## [TASK INSTRUCTIONS]
The expected output is the line with "トップバッターであるイノライ" plus all lines after it to the end of the material below, reproduced exactly, with pictures omitted and nothing else included.

□ □ □ □ □ □ □

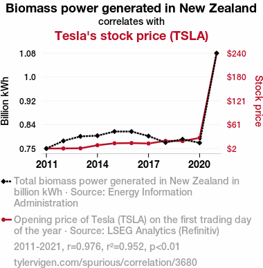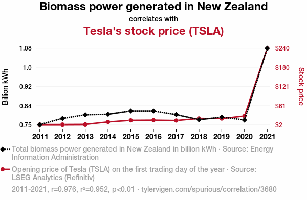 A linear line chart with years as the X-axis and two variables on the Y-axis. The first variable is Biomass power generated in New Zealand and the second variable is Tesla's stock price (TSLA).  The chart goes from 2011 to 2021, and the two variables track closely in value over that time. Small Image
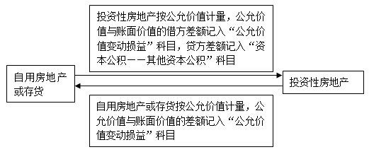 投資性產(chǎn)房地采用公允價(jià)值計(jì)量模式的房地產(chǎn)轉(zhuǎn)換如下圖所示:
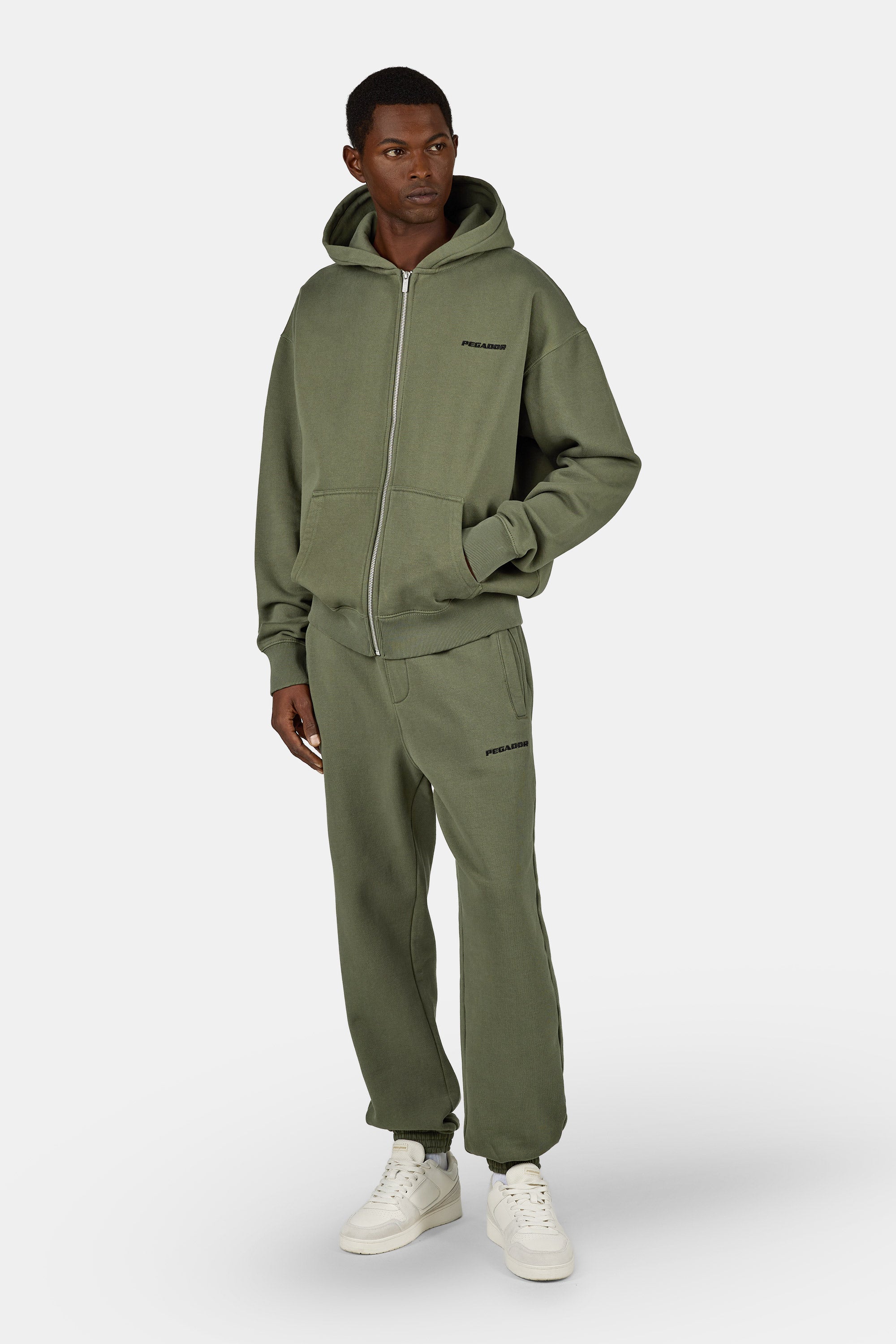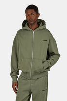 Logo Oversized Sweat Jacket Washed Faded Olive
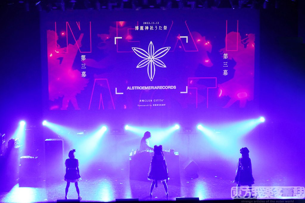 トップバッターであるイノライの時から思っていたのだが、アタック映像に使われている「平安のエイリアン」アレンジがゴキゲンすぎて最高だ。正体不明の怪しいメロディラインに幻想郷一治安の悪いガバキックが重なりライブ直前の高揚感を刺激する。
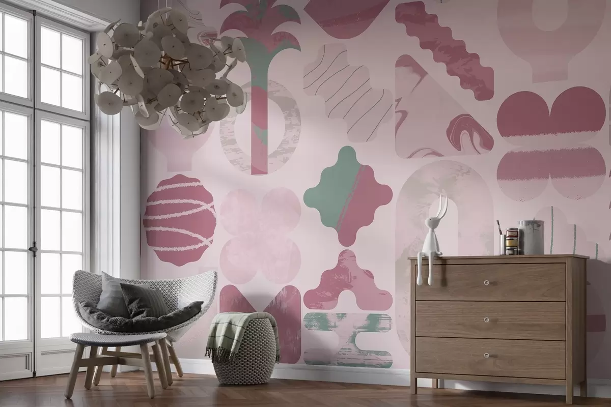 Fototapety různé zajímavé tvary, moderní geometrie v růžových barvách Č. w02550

□ □ □ □ □ □ □

## [OUTPUT OF THE EXERCISE]
 トップバッターであるイノライの時から思っていたのだが、アタック映像に使われている「平安のエイリアン」アレンジがゴキゲンすぎて最高だ。正体不明の怪しいメロディラインに幻想郷一治安の悪いガバキックが重なりライブ直前の高揚感を刺激する。
 Fototapety různé zajímavé tvary, moderní geometrie v růžových barvách Č. w02550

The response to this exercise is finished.